[Start of section]
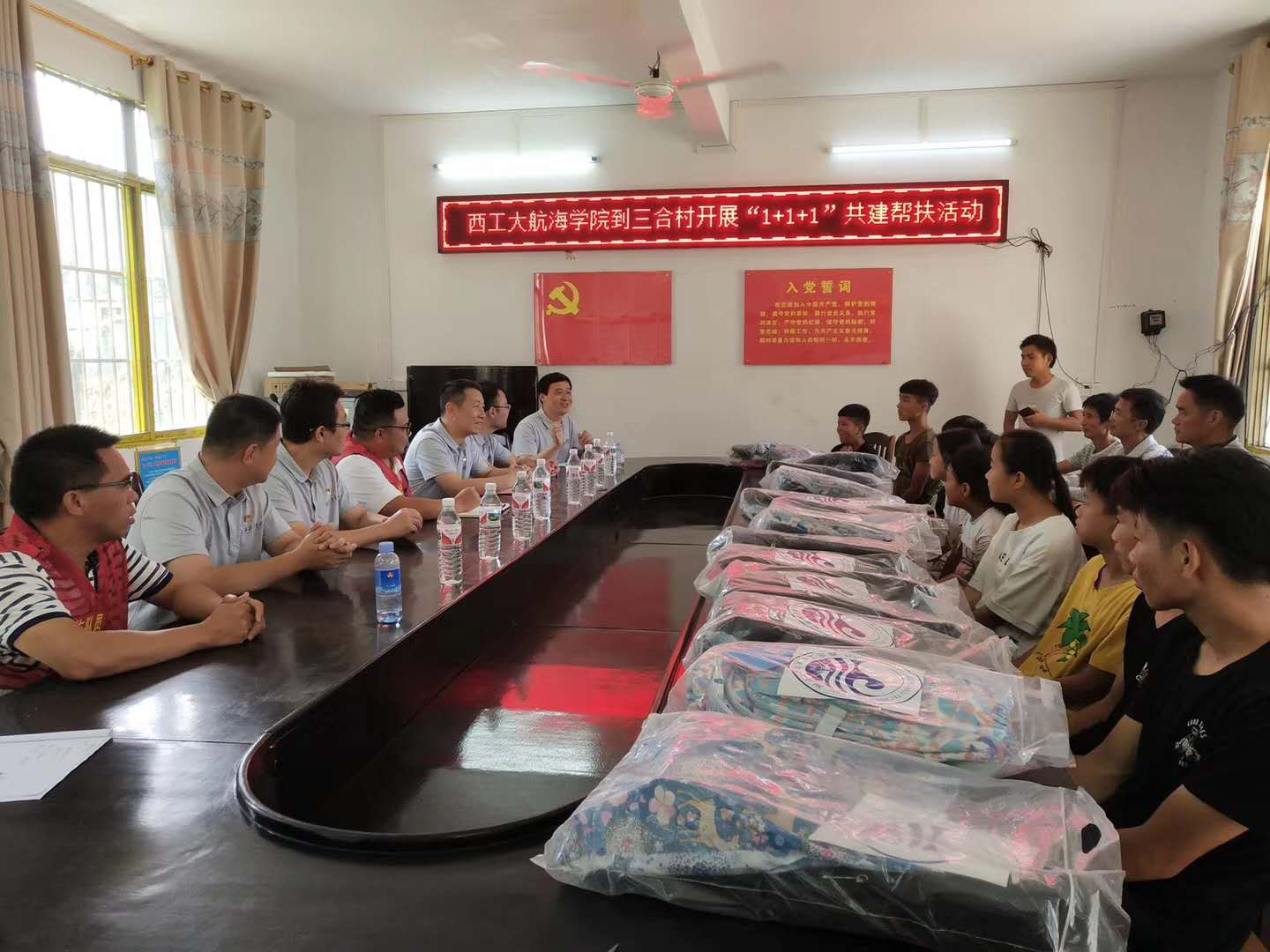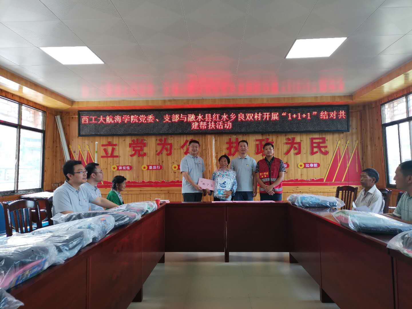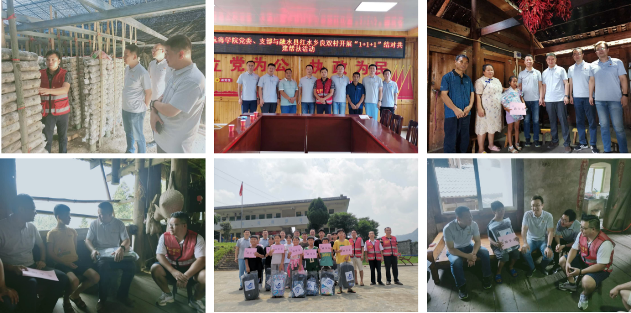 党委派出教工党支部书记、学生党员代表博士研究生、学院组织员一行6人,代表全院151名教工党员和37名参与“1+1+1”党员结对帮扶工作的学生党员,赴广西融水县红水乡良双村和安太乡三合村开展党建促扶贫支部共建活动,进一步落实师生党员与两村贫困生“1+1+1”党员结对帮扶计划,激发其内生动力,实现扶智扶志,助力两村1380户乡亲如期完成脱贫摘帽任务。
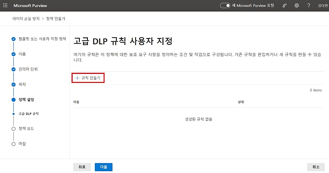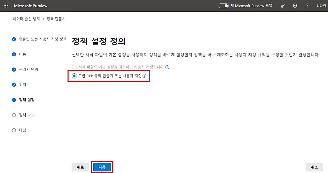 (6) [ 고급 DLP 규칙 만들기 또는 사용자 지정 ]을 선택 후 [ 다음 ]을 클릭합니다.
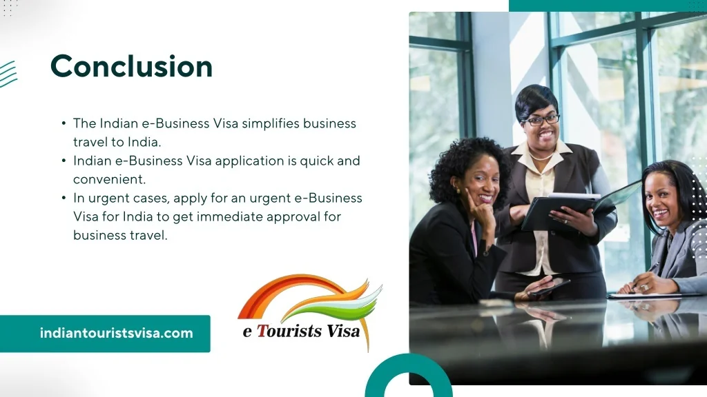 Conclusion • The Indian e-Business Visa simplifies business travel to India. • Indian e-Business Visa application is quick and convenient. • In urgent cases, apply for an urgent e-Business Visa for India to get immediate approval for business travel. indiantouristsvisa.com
[End of section]
## [Your assignment]
Word for word, return the material above, but drop the pictures.

## [Finished exercise]
 党委派出教工党支部书记、学生党员代表博士研究生、学院组织员一行6人,代表全院151名教工党员和37名参与“1+1+1”党员结对帮扶工作的学生党员,赴广西融水县红水乡良双村和安太乡三合村开展党建促扶贫支部共建活动,进一步落实师生党员与两村贫困生“1+1+1”党员结对帮扶计划,激发其内生动力,实现扶智扶志,助力两村1380户乡亲如期完成脱贫摘帽任务。
 (6) [ 고급 DLP 규칙 만들기 또는 사용자 지정 ]을 선택 후 [ 다음 ]을 클릭합니다.
 Conclusion • The Indian e-Business Visa simplifies business travel to India. • Indian e-Business Visa application is quick and convenient. • In urgent cases, apply for an urgent e-Business Visa for India to get immediate approval for business travel. indiantouristsvisa.com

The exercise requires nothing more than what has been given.